## Work to complete
Restate exactly the lines below, from the one containing "Riddell Green Bay" through the final line, and leave out the pictures.

## Recorded data
:::
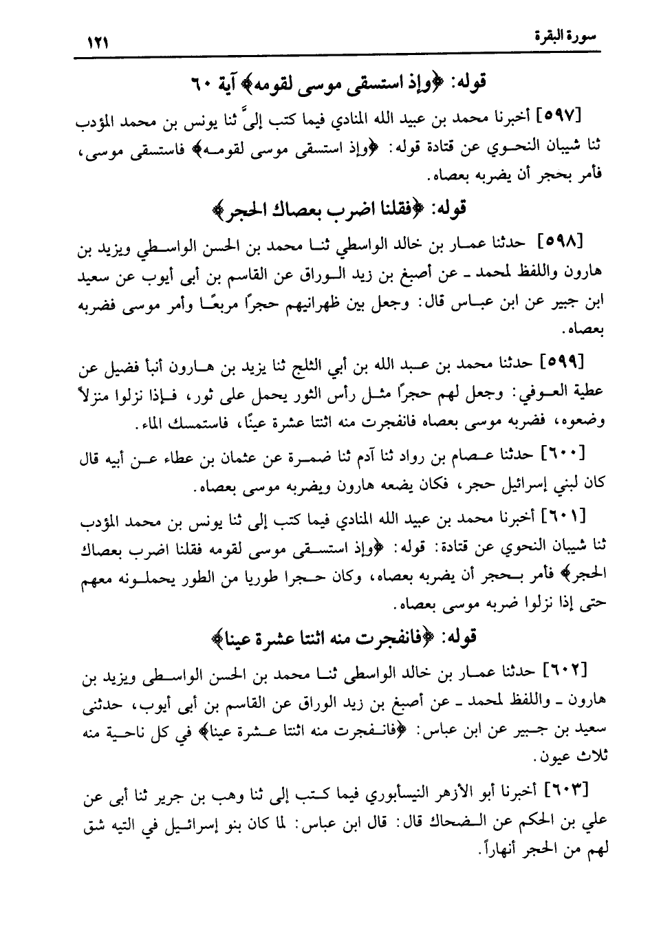601 - أَخْبَرَنَا مُحَمَّدُ بْنُ عُبَيْدِ اللَّهِ الْمُنَادِي فِيمَا كَتَبَ إِلَيَّ ثنا يُونُسُ بْنُ مُحَمَّدٍ الْمُؤَدِّبُ ثنا شَيْبَانُ النَّحْوِيُّ عَنْ قَتَادَةَ: قَوْلُهُ: وَإِذِ اسْتَسْقَى مُوسَى لِقَوْمِهِ فَقُلْنَا اضْرِبْ بِعَصَاكَ الْحَجَرَ فَأُمِرَ بِحَجَرٍ أَنْ يَضْرِبَهُ بِعَصَاهُ، وَكَانَ حَجَرًا طُورِيًّا مِنَ الطُّورِ يَحْمِلُونَهُ مَعَهُمْ حَتَّى إِذَا نَزَلُوا ضَرَبَهُ مُوسَى بِعَصَاهُ.
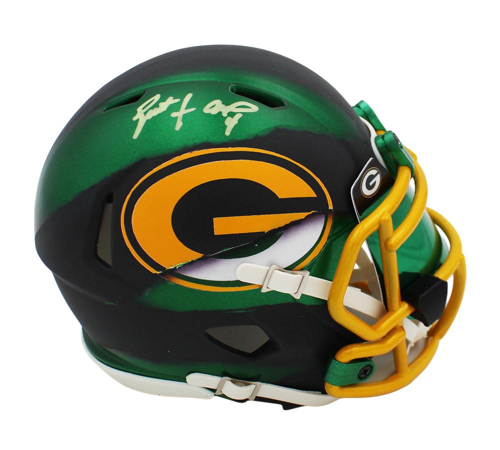 Riddell Green Bay Packers custom flash alternate speed mini helmet has been hand-signed by Brett Favre (HOF).
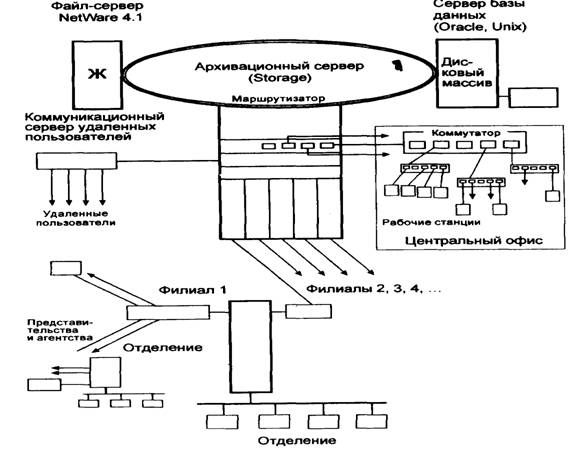 На рис. 10 приведена примерная структурная схема сетевого комплекса страховой компания.
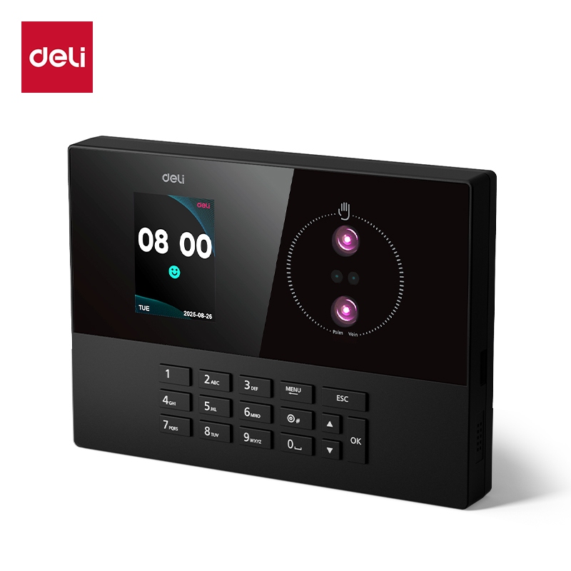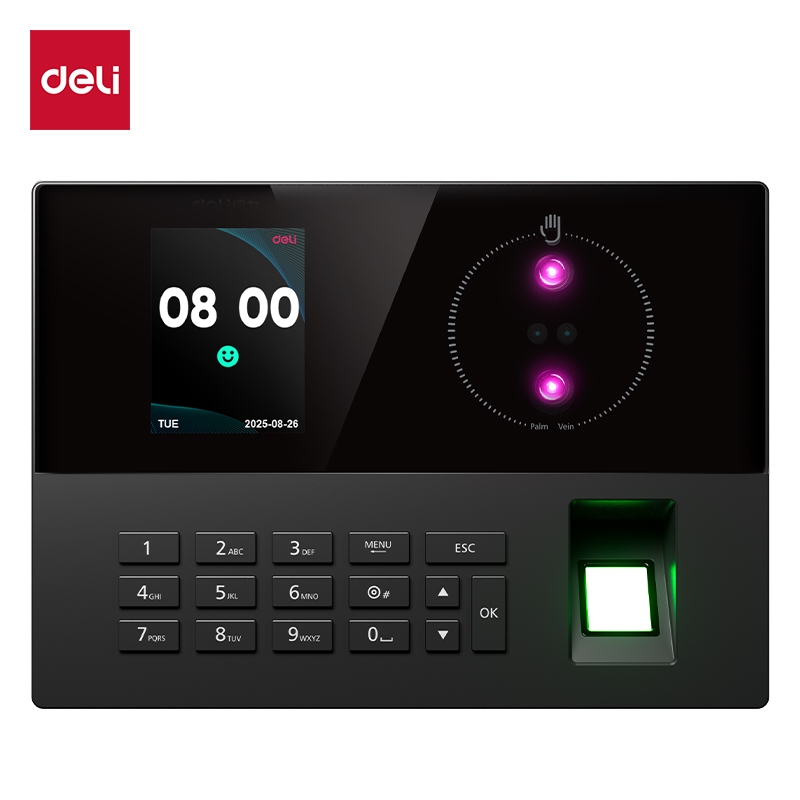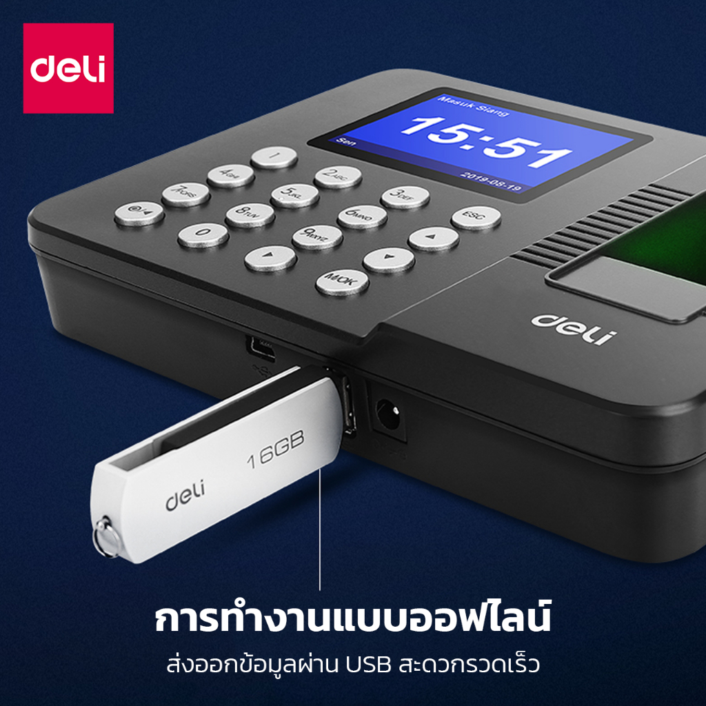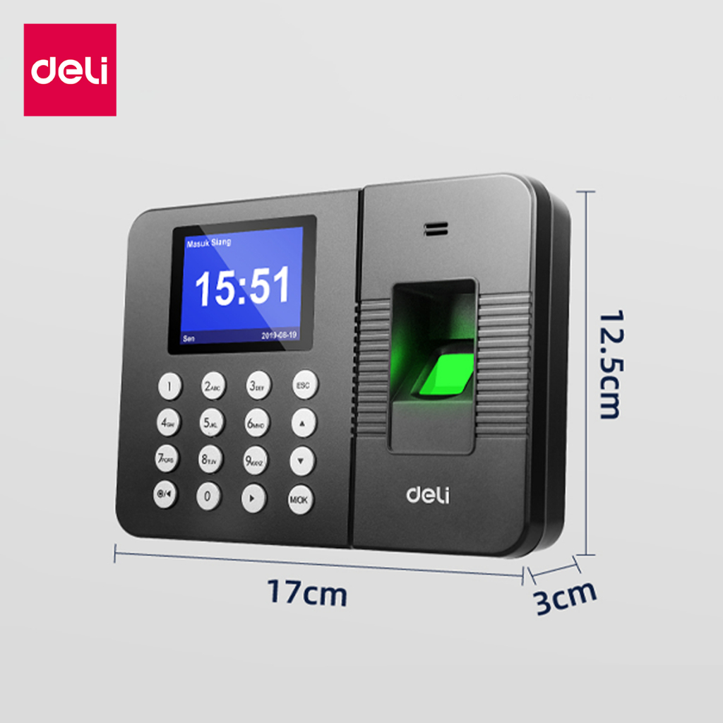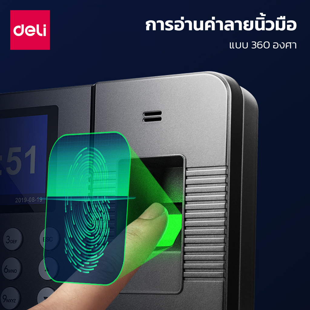 Deli เครื่องตอกบัตร เครื่องสแกนลายนิ้วมือ สแกนนิ้วมือลงเวลา จดจำลายนิ้วมือรวดเร็ว Attendance Machine
:::
## Answer to this problem
 Riddell Green Bay Packers custom flash alternate speed mini helmet has been hand-signed by Brett Favre (HOF).
 На рис. 10 приведена примерная структурная схема сетевого комплекса страховой компания.
 Deli เครื่องตอกบัตร เครื่องสแกนลายนิ้วมือ สแกนนิ้วมือลงเวลา จดจำลายนิ้วมือรวดเร็ว Attendance Machine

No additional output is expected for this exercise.